Private equity buyouts catalyze the creative destruction process as measured by both gross job flows and the purchase-and-sale of business establishments.
Do private equity transactions result in job losses or create new employment opportunities? In Private Equity and Employment (NBER Working Paper No. 17399), authors Steven Davis, John Haltiwanger, Ron Jarmin, Josh Lerner, and Javier Miranda analyze data from the U.S. Census Bureau's Longitudinal Business Database for the period 1980 to 2005. They track U.S. private equity transactions at 3,200 target firms and their 150,000 establishments -- that is, specific factories, offices, retail outlets, and other distinct physical locations where business takes place -- before and after acquisition, comparing outcomes at target firms to outcomes at "controls" that are similar in terms of industry, size, age, and prior growth.
The authors find that relative to a control group, employment at target establishments declines 3 percent over the two years following a buyout and 6 percent over five years. The job losses are concentrated among public-to-private buyouts and among transactions involving firms in the service and retail sectors: the largest employment losses occur at firms engaged in retail trade.
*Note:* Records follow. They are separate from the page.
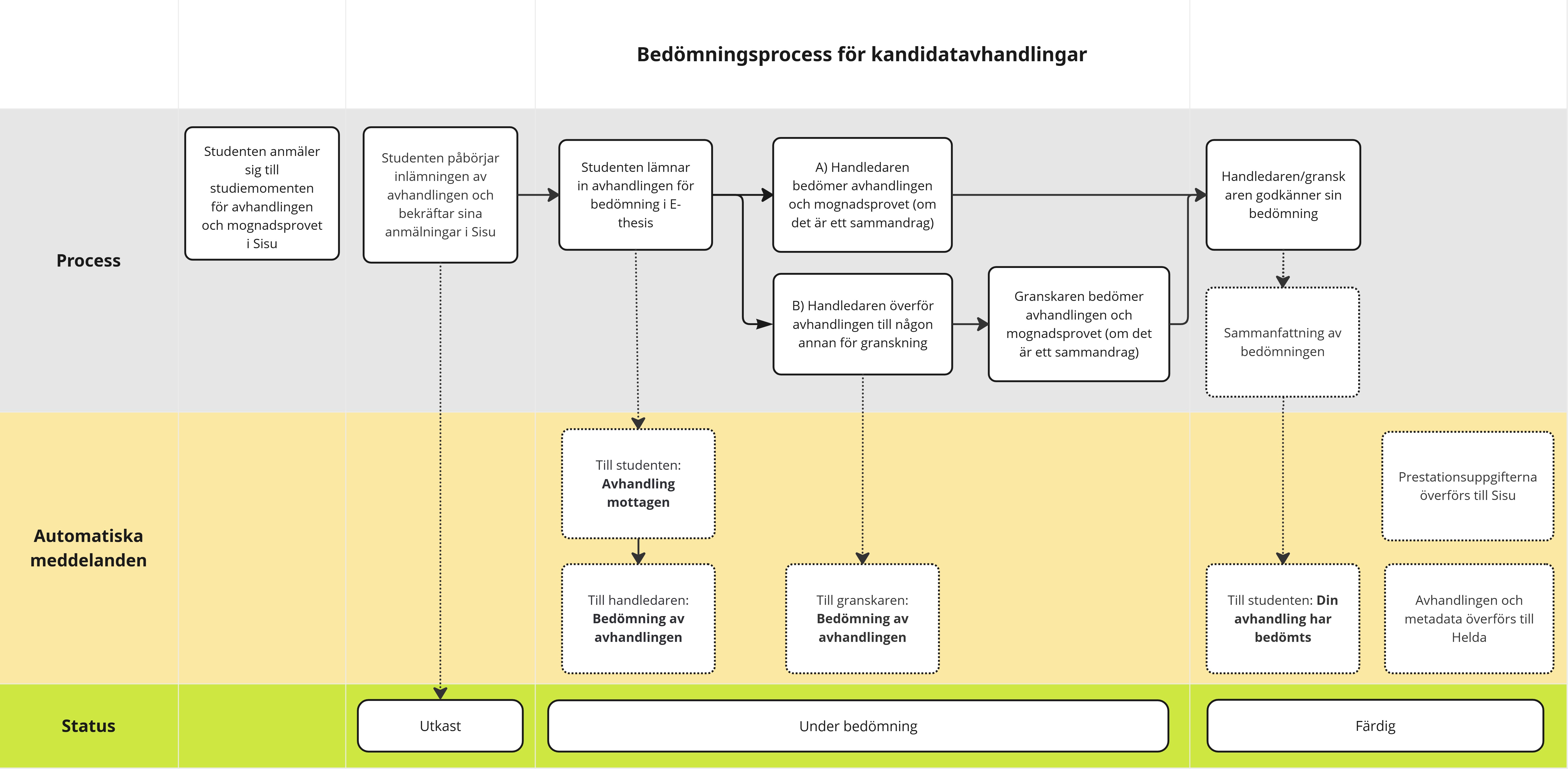Därefter överför E-thesis-personalen vid studentservicens serviceställe avhandlingen till fakultetsrådets följande möte för beslut om godkännande. Detta ska göras senast en vecka före mötet. Då får studenten ett automatiskt meddelande från systemet med bedömningsblanketten som pdf-bilaga. När bedömningen av avhandlingen har godkänts vid mötet registrerar studierådgivaren prestationen i studieförvaltningssystemet som en separat registrering och överför avhandlingen till E-thesis arkiv. Studenten får ett automatiskt meddelande om bedömningsbeslutet och tillståndet till elektronisk publicering.
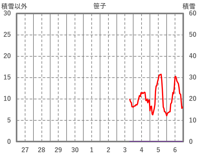 | 日 | 時 | 気温 | 降水 | 風向/風速 | 日照 | 積雪 | 降雪 |
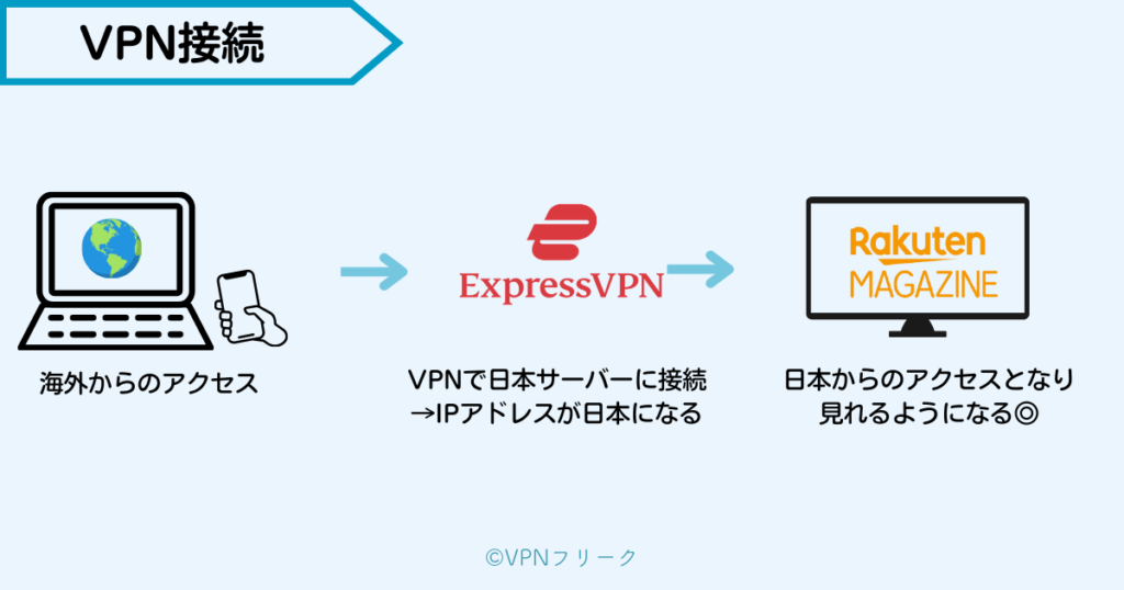 VPNで日本のサーバーに接続すると、日本のIPアドレスが割り当てられるので、楽天マガジン側からは「日本からのアクセス」として認識されるのです。
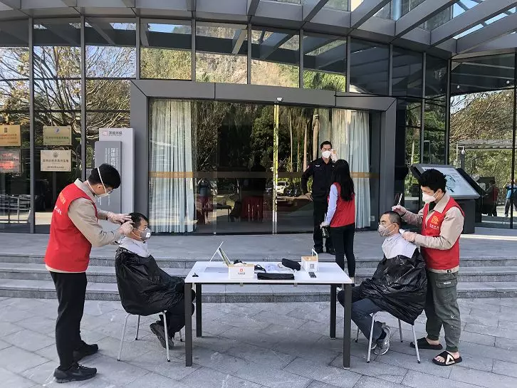二月二,龍?zhí)ь^,一把椅子、一面鏡子、一套剃發(fā)工具,鹽田能源生態(tài)園的簡易理發(fā)室開張啦。防疫先鋒戰(zhàn)斗隊五人義剪小分隊隨即開始行動,對理發(fā)室開啟自然通風,對理發(fā)用具進行消毒,清潔雙手,全部使用一次性“斗篷”,確保理發(fā)過程中一“客”一換一消毒……準備工作做好后,Tony老師開啟微信排號,統(tǒng)一戴上口罩,測量體溫登記后,提拉剪推,一氣呵成。本次義剪為30余名員工解決了“頭”大事,大家“輕裝上陣”,將以更飽滿的精神投入到疫情防控和安全生產(chǎn)工作中。
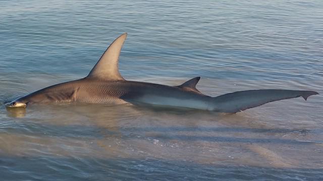 Средняя длина тела - 1,5–1,8 м, а масса - 45 кг. Форма тела торпедообразная и обтекаемая, голова слегка уплощенная. Отличительный признак вида - черный конец первого спинного плавника.
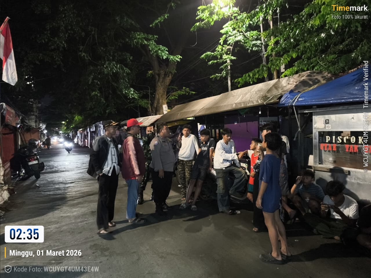 Jakarta Pusat — Dalam rangka menjaga situasi kamtibmas tetap kondusif selama bulan suci Ramadan, Bhabinkamtibmas Kelurahan Petamburan Aipda Ginanjar S.P bersama Tiga Pilar melaksanakan kegiatan patroli dan monitoring wilayah pada Minggu (1/3/2026) dini hari.
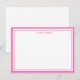 Custom name Note Card shown in white with a hot pink color double border trim.

In contrast, independently owned firms exhibit large employment gains relative to the controls in the wake of buyouts, mainly because they undertake more acquisitions. There are more private equity buyouts of independent firms than public-to-private transactions, and they account for a larger share of jobs.
While private equity buyouts accelerate job losses at target firms relative to controls, they also lead to the more rapid creation of new job positions, particularly in the form of new jobs at new establishments. In fact, the sum of gross job losses and gross job gains at target firms exceeds that of the controls by 13.5 percentage points over the two years following a buyout. About 43 percent of the extra job reallocation reflects a more rapid pace of employment adjustments; the rest reflects acquisitions and divestitures. Overall, net relative job losses at target firms are less than 1 percent of initial employment. These findings provide evidence that private equity buyouts catalyze the creative destruction process as measured by both gross job flows and the purchase-and-sale of business establishments.